«У визиря много врагов, — рассуждал он, не отрывая глаз от дверной щелки, — и первый среди них аль-Фадль ибп ар-Рабиа, который прибудет сюда поутру. Враги не станут скупиться, им бы только подкопаться под ненавистного перса, отобрать у него высокий пост. За тайну, при помощи которой его можно уничтожить, они выложат тысячи динаров».
О том, что будет с Аббасой, поэт не задумывался. Он не принадлежал к числу жалостливых людей. Глаза у него, правда, слезились, но отнюдь не от участия к женщине, которую он намеревался погубить, а от пристального ее рассматривания.
Неожиданно в носу у Абуль Атахии защекотало, и он едва успел вовремя схватиться за переносицу.
— Успокойся, сейида! — донеслось из комнаты, пока поэт благодарил аллаха, что тот не дал ему чихнуть и тем самым не выдал его присутствия. — Ты преодолела столько опасностей, чтобы увидеть мальчиков, обними же их крепче! Предоставь будущее всемилостивому и всемилосердному, он защитит тебя от бед и невзгод!

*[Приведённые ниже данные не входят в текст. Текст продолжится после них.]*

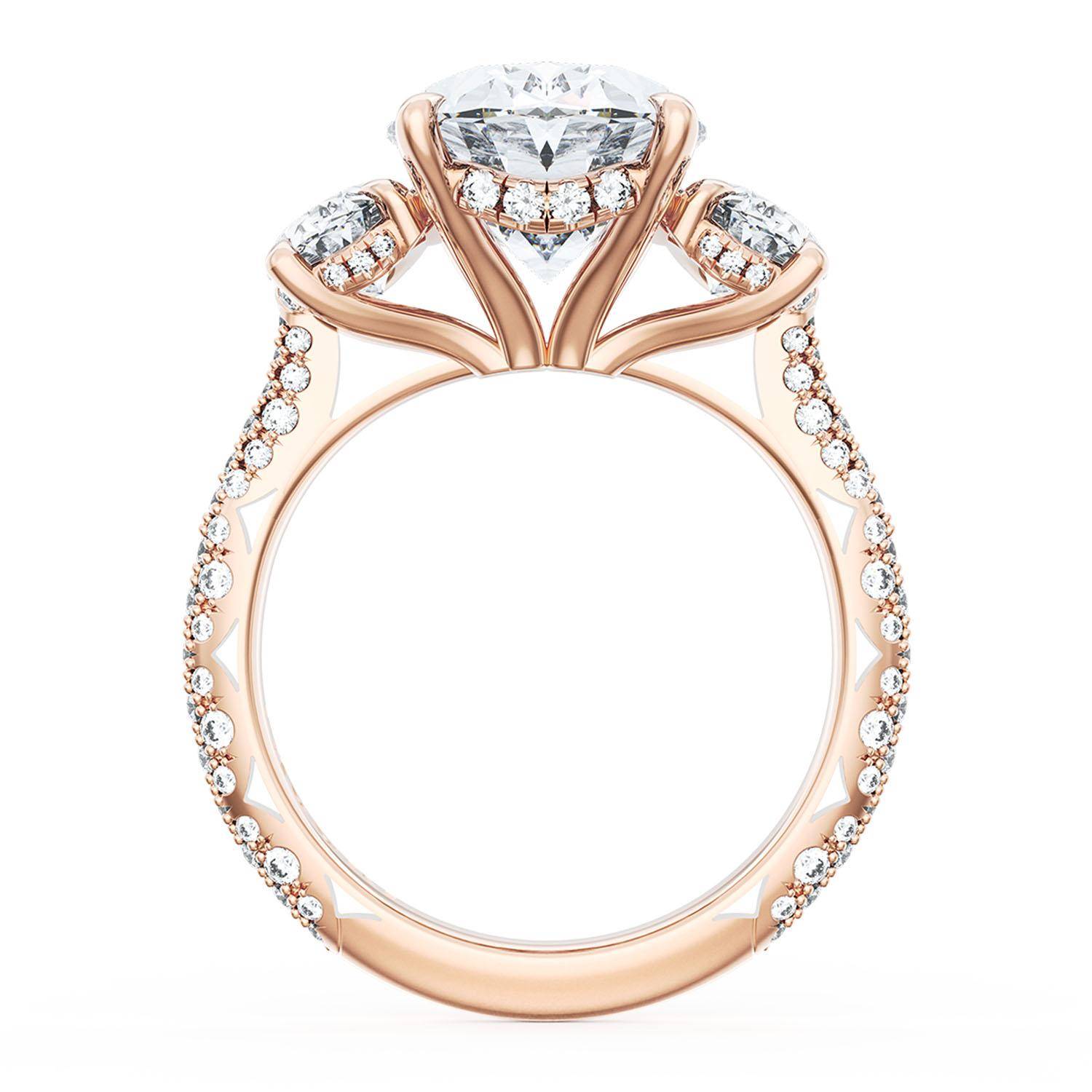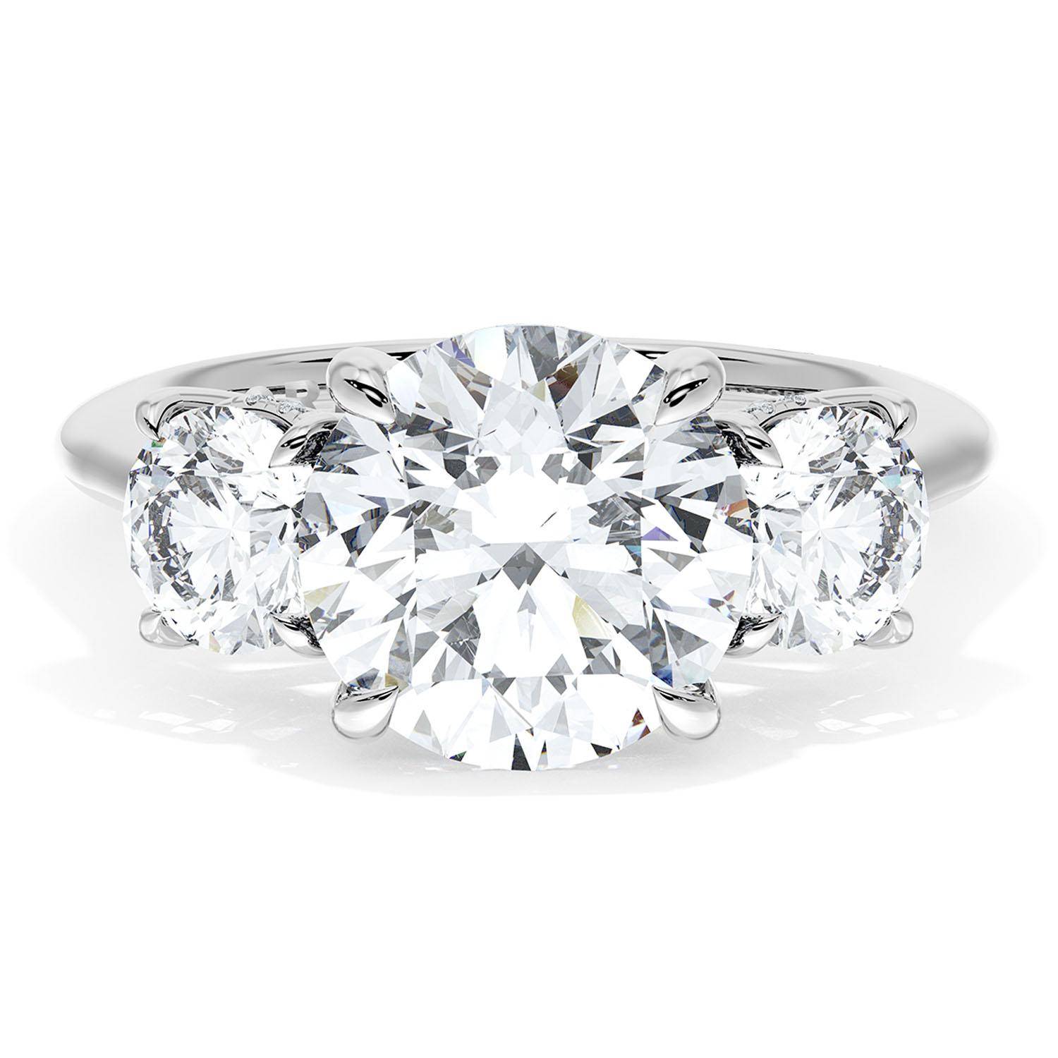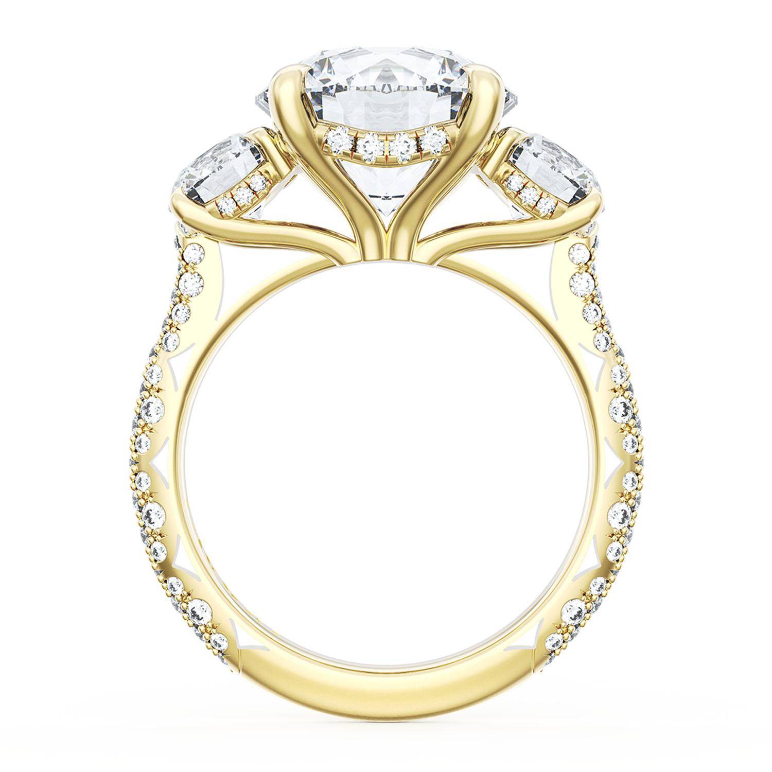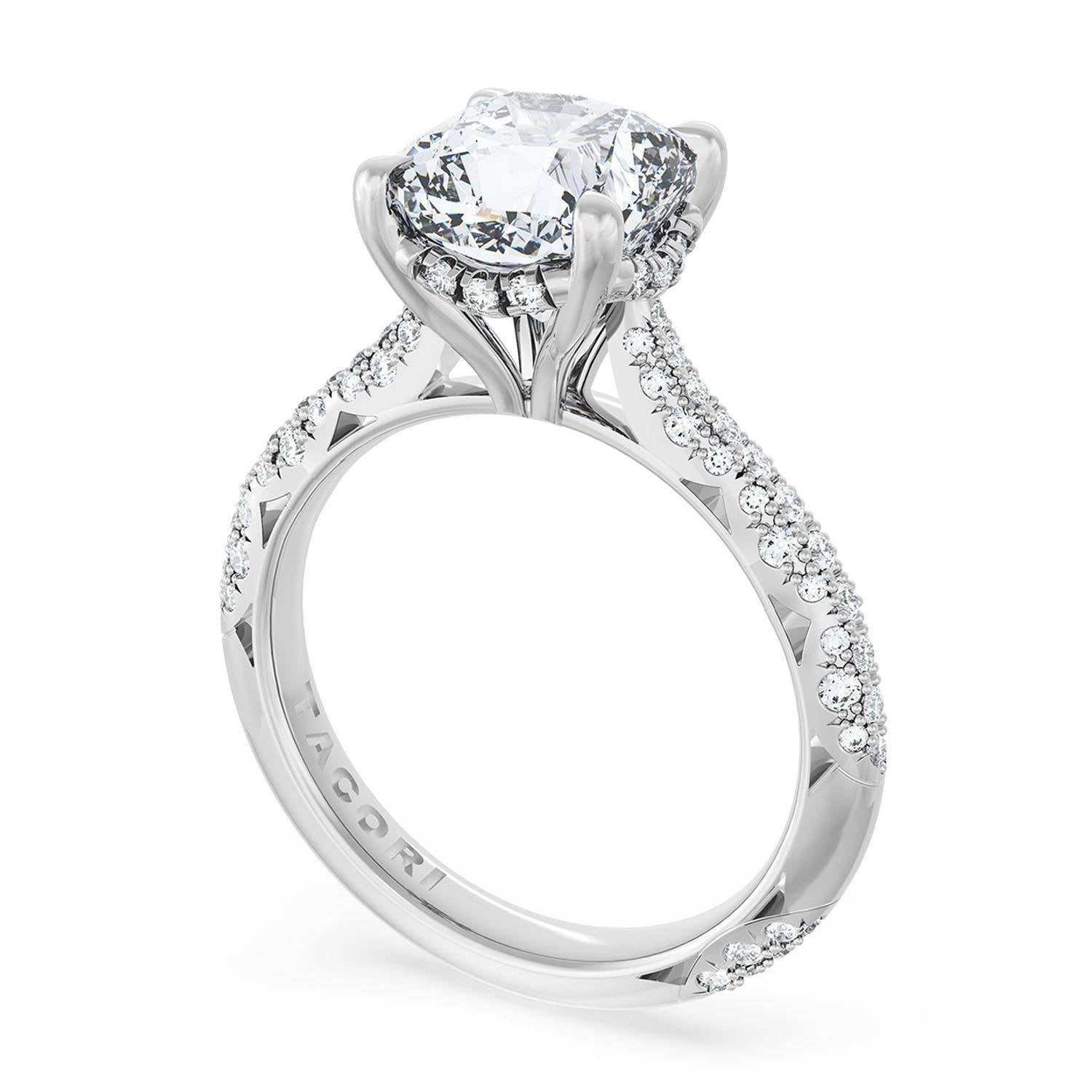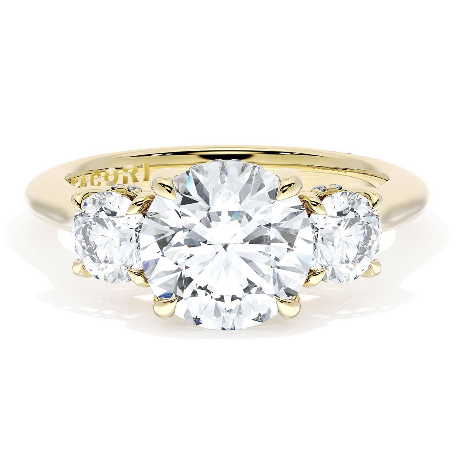 This 3-stone ring features a round brilliant center and matching round side stones, each accented with a hidden bloom. The Founder's Crescent Fabric wraps around the ceiling of the ring and continues for 3/4 diamond coverage.

Соскочившие с материнских колен дети, опечаленные и удивленные, смотрели, как по щекам Аббасы катятся крупные слезы.
Она привлекла старшего сына, осыпала поцелуями белый лоб, тоненькую шею, а он растерянно улыбался, не понимая, то ли она хочет позабавить его и поэтому так смешно чмокает, то ли на самом деле чем-то расстроена. Разве мог ребенок, не испытавший в жизни и пустякового горя, разобраться в ее переживаниях? Его понятия были совсем еще детскими. Он рвался порыться в песке, поиграть в бабки, ласково прижаться к матери и тотчас убежать, толкая перед собой обруч или весело поддавая мячик. Он любил строить из гальки дворцы, из мягкой глины лепил замысловатые фигурки. Как-то случайно увидел он мертвого феллаха и сказал: «Дядя спит!». А другой раз, указывая на неподвижно лежавшую ядовитую змею, воскликнул: «Смотрите, какая красивая веревка!». Не имея понятия о жестоких ударах судьбы, он не боялся расставаний, — для него это были очередные забавы, как игра в прятки, за которой следуют неожиданные находки и встречи. Ему нравилось играть с кошкой. — как это она никогда не устает прыгать и возиться! Для иных детей заводили прирученных птиц; когда птица улетала и не возвращалась, ребенок, глубоко переживая потерю любимого существа, понимал, что значит привязанность. А у него такой птицы не было…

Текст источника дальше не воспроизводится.